# AWS CDK Deployment – Part 4 
This last step in the pipeline uses Infrastructure as Code to set up everything needed for automated data ingestion and processing of the BLS and population datasets.

**[View CloudShell/CDK Logs Folder — Part 4 (Sanitized)](https://github.com/ScottySchmidt/AWS_DataEngineer_API/tree/main/docs/part4)**


Uses AWS CDK (Python) to deploy the pipeline infrastructure:
* Lambda, S3, and SQS resources
* A daily ingest job (Parts 1 & 2)
* Automatic processing (Part 3) when new files in S3

---

## Pipeline Flow:
  1. CDK deploys the infrastructure  
  2. Ingest Lambda runs daily through CloudWatch  
  3. S3 stores the new datasets  
  4. S3 sends an event → SQS queue  
  5. SQS triggers the report Lambda  
  6. Report Lambda logs the results

---

## BLS Pipeline Stack:
This shows all the AWS resources that were created automatically when I deployed Part 4 with AWS CDK:

![bls_pipeline_stack.png](attachment:c60a3e8d-8779-4f69-893e-62c9843d526d.png)

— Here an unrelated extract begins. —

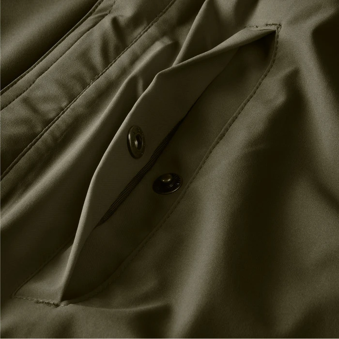 Like the rest of the Orton Packable range, the Orton Packable Trousers are made from a material that is not only very light but also stretchable and soft. The trousers incorporate our own windproof and waterproof HWS (Härkila Weather System) membrane that has been designed specially for hunting and is low-noise, supple and stretchable. Because both the fabric and the membrane are supple and stretchable, you retain freedom of movement, even when wearing the trousers over another pair. The trousers have full-length zips on both legs, so they are very easy to put on and take off without having to remove your boots. The zips are covered with a storm flap with a Velcro closure. The size of the boot opening can also be adjusted at the ankles. Instead of pockets, the trousers have openings with press-studs on each side for access to the pockets of the trousers being worn underneath. The trousers have an integral zip pocket at the waist, for quickly packing them away in.

### S3 Output Verification
* CDK Stack deployed without errors  
* S3 bucket populated with both BLS and population data  
* Lambda functions triggered successfully and processed data  

The screenshot below confirms that the pipeline successfully executed and saved the expected datasets to the S3 bucket created by the BlsPipelineStack deployment.

**Files Present:**
- `bls_data.json` – Republished BLS dataset from Part 1  
- `datausa_population.json` – US population dataset from Part 2  
- `pr.data.0.Current` – Current BLS productivity data (triggered via S3 event + Lambda in Part 4)  
- `test.json` – Test file from earlier debugging

![image.png](attachment:101126fb-6f10-4606-b330-c5b529895de9.png)

## CloudShell CDK Deployment Log
* ARN = AWS’s globally unique ID for a resource (sanitized: account ID + stack ID masked)
* Stack ID = unique CloudFormation stack identifier (masked with ********)

Below is the successful `npx aws-cdk deploy` output from AWS CloudShell:

BlsPipelineStack (no changes)
Deployment time: 1.21s
Stack ARN:
arn:aws:cloudformation:us-east-1:<account-id>:stack/BlsPipelineStack/********************************

## Lambda Ingestion Smoke Test
Ran the BlsIngestFn Lambda (smoke test to make sure it is alive)
This pulls the datasets and drop them in S3. AWS replied 200, which means success.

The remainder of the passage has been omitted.